For instance, $\frac{1}{z^2-9}$ has singularities at $z=\pm 3$, while $\frac{1}{z -3}$ only has a singularity at $z=3$. When plotting the modulus of this function in the complex plane, this is obvious:
Clearly to get the pictures to look the same at all you'll need to add something like $\frac{1}{z+3}$ to $\frac{1}{z-3}$--that'll at least make sure they blow up at the right points. Moreover you can't use other denominators since then they'd blow up at the wrong places.

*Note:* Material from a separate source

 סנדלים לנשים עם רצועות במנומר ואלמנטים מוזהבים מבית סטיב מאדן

Near a singularity, the function is totally dominated by that singularity, so the orders of the singularities have to match up. For instance, if you start with $\frac{1}{(z-3)^2(z+3)}$, you'll definitely need to use a summand like $\frac{1}{(z-3)^2}$ and not just $\frac{1}{z-3}$, and also $\frac{1}{(z-3)^3}$ blows up "too much" so you'd need to avoid that.
Of course, if you add up $\frac{1}{(z-3)^2}$ and $\frac{1}{z-3}$ you'll get something subtly different from either, so you'll need to "keep around" the lower order terms.

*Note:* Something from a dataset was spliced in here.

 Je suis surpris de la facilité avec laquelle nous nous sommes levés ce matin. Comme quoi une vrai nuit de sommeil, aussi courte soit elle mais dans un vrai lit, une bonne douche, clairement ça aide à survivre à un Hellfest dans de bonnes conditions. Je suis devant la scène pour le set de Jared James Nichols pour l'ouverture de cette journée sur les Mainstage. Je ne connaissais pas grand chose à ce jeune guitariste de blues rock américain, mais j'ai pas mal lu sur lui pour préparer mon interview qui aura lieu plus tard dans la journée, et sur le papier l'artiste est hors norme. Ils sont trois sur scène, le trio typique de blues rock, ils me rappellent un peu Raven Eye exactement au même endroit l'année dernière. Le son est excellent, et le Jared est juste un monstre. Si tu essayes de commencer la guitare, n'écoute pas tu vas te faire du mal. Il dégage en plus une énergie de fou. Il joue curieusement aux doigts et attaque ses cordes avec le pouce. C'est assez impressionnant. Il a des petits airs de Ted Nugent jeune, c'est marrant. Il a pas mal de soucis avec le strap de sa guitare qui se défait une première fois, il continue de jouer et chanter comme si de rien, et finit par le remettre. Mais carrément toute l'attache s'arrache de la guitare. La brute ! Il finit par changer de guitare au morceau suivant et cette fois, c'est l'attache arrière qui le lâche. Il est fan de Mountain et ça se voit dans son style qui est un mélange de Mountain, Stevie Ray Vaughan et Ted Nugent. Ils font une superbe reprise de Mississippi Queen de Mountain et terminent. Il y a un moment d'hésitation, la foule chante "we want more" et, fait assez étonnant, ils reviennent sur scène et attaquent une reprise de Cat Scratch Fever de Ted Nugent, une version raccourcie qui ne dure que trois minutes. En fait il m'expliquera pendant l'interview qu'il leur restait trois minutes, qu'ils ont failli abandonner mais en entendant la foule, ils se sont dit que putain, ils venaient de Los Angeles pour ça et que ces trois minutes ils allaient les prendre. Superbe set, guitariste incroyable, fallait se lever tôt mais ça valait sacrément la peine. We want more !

Altogether, this seems like a pretty good "visual" justification for
$$\frac{p(z)}{\prod_{i=1}^n (z-\zeta_i)^{a_i}} = \sum_{i=1}^n \sum_{j=1}^{a_i} \frac{\alpha_{ij}}{(z-\zeta_i)^j}.$$
The fact that it works purely algebraically outside of the algebraically closed case or when you haven't split the denominator into linear factors is not hard to prove, of course, and you can get intuition for those versions from this one.
(For the record, at a glance I did not find the integration by parts picture intuitive. I find the product rule intuitive and that is my justification for integration by parts.)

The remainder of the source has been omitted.